The HBase-Spark Connector bridges the gap between the simple HBase Key Value store
and complex relational SQL queries and enables users to perform complex data analytics on
top of HBase using Spark.
An HBase DataFrame is a standard Spark DataFrame, and is able to interact with any
other data sources such as Hive, ORC, Parquet, JSON, etc.
-
Edit the HBase RegionServer configuration for running Spark Filter.

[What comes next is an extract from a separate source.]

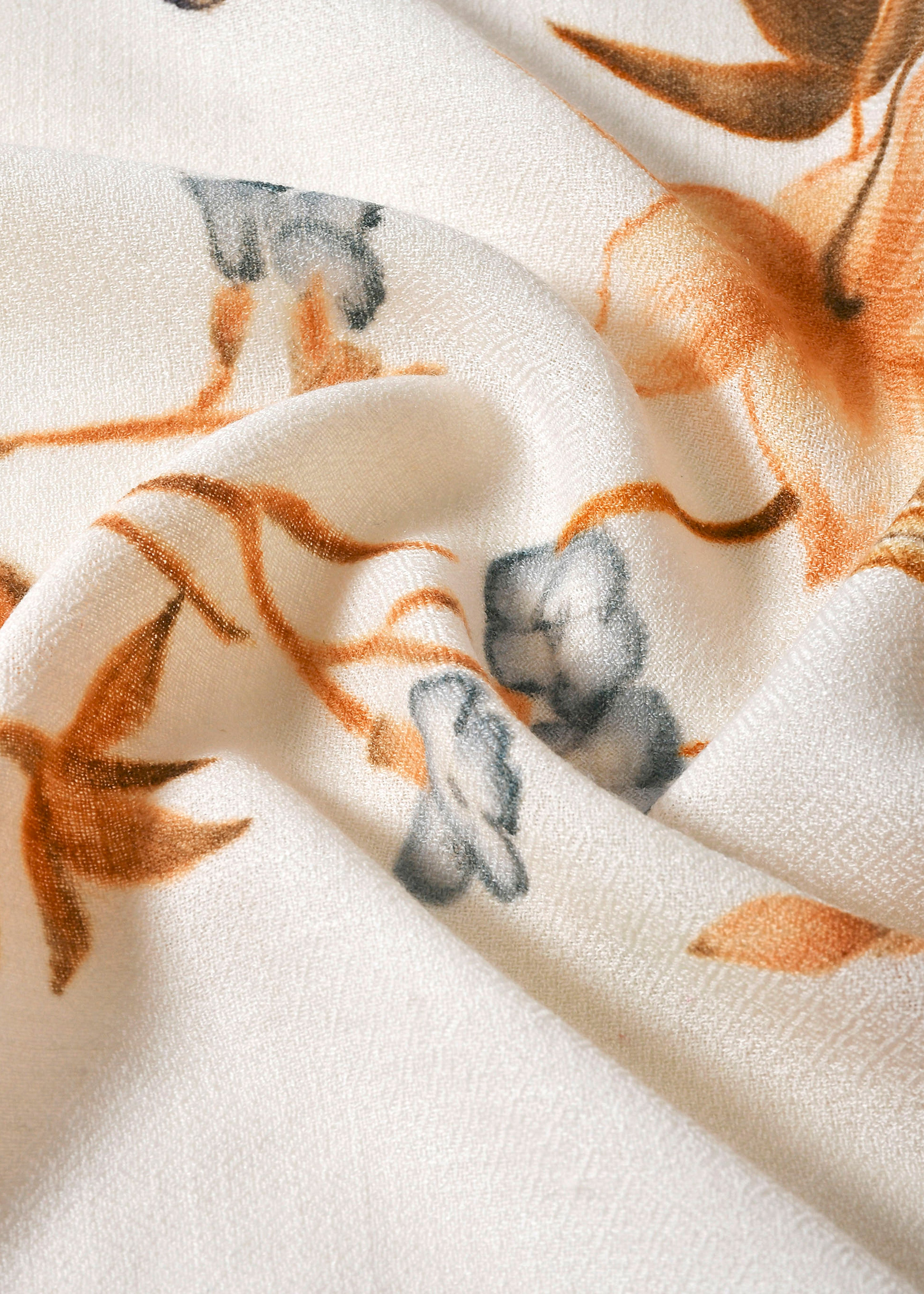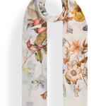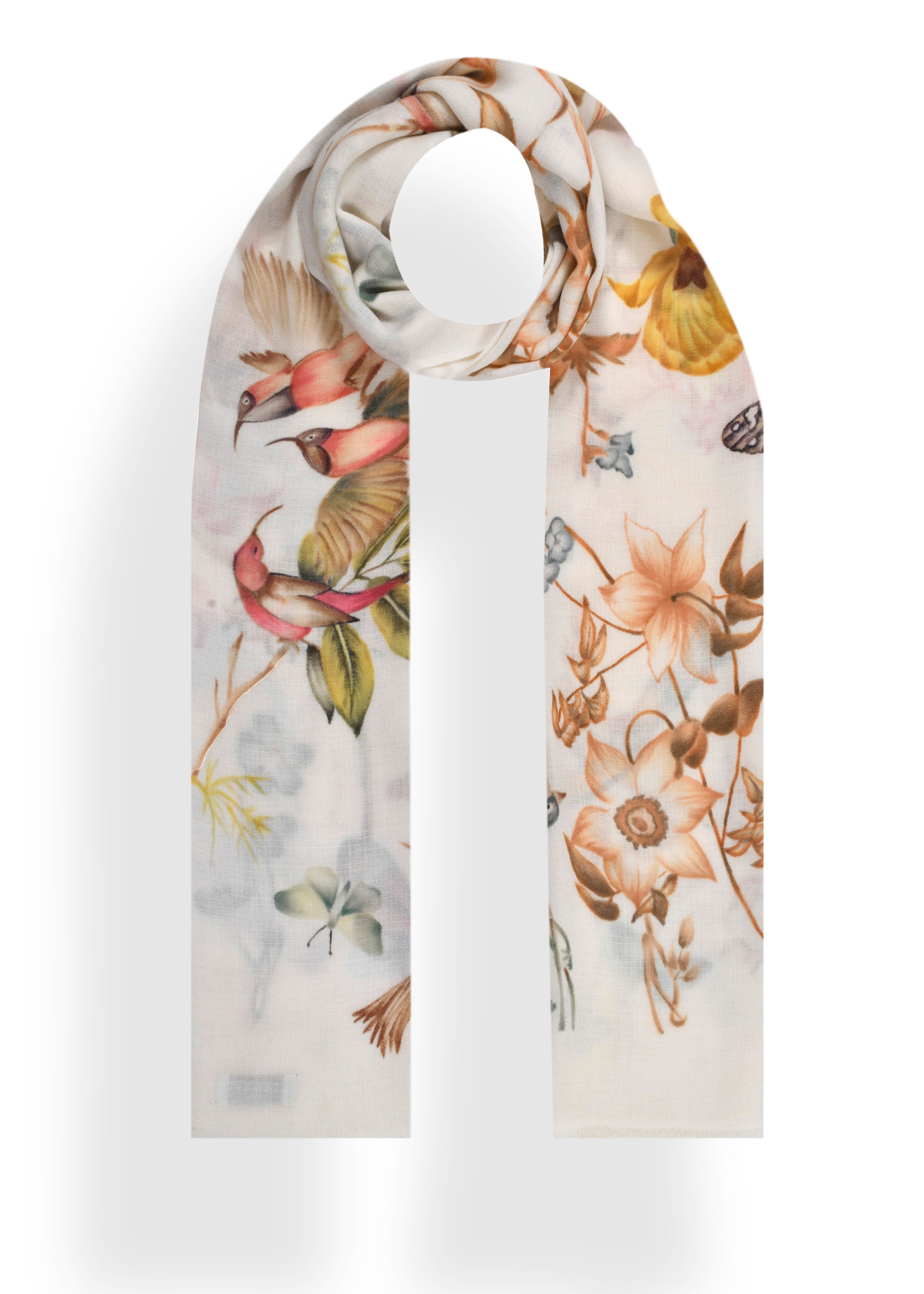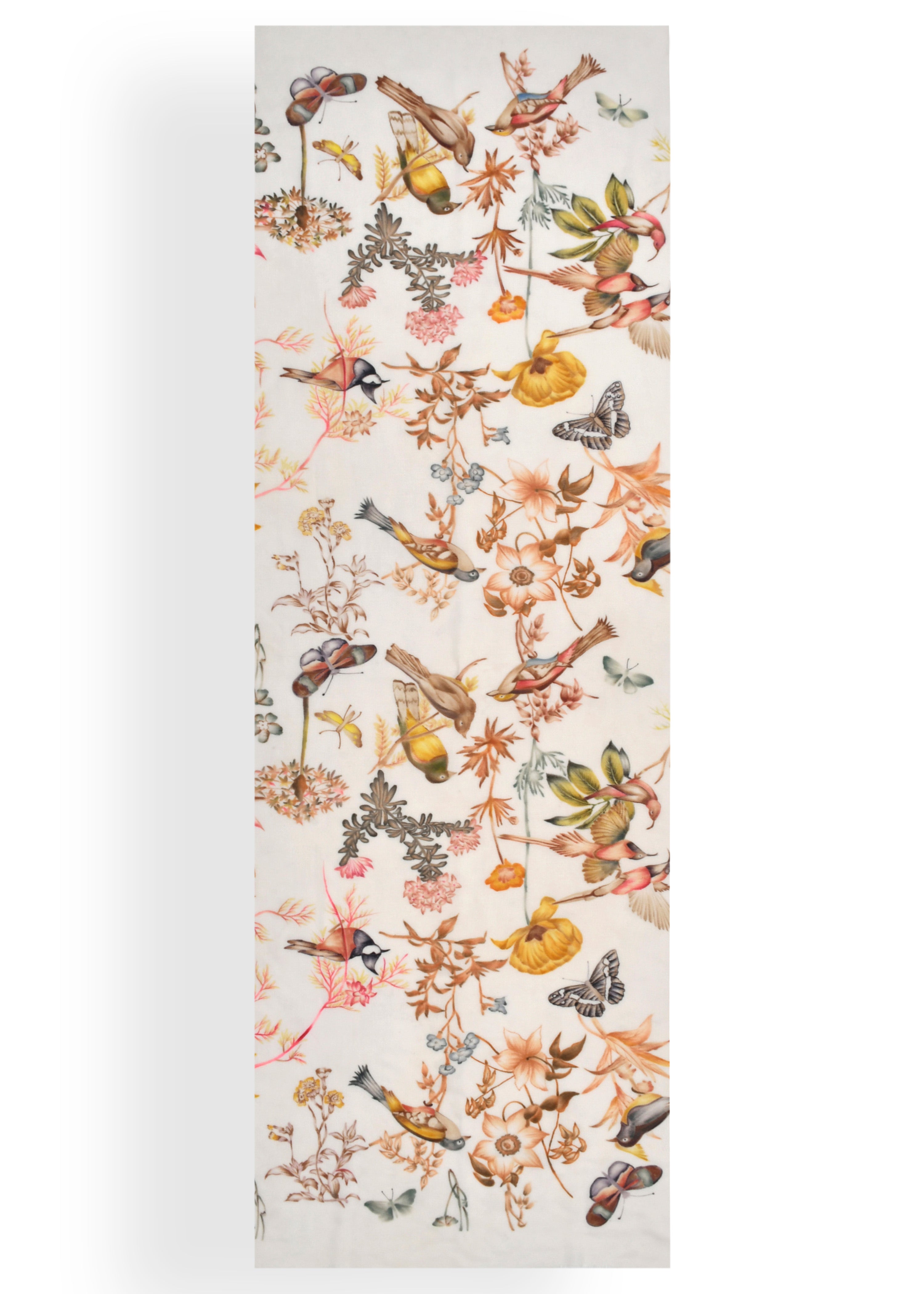 Hand painted butterflies and birds on cannoli cream cashmere wool wrap.

Spark Filter is used when Spark SQL Where clauses are in use.
-
In Cloudera Manager, select the HBase
service.
-
Click the Configuration tab.
-
Search for
regionserver environment
.
-
Find the RegionServer Environment Advanced Configuration
Snippet (Safety Valve).
-
Click the plus icon to add the following property:
Key:
HBASE_CLASSPATH
Value:
/opt/cloudera/parcels/CDH/lib/hbase_connectors/lib/[***HBASE-SPARK JAR NAME***].jar:/opt/cloudera/parcels/CDH/lib/hbase_connectors/lib/[***HBASE-SPARK PROTOCOL SHADED JAR NAME***].jar:/opt/cloudera/parcels/CDH/jars/scala-library-2.11.12.jar
-
Ensure that the listed jars have the correct version number in their
name.
-
Click Save Changes.
-
Restart Region Server.
-
Invoke Spark shell with some addition jars using the following snippet:
spark-shell --jars /opt/cloudera/parcels/CDH/lib/hbase_connectors/lib/[***HBASE-SPARK JAR NAME***].jar,/opt/cloudera/parcels/CDH/lib/hbase_connectors/lib/[***HBASE-SPARK PROTOCOL SHADED JAR NAME***].jar --files /etc/hbase/conf/hbase-site.xml --conf spark.driver.extraClassPath=/etc/hbase/conf
Ensure that the listed jars have the correct version number in their
name.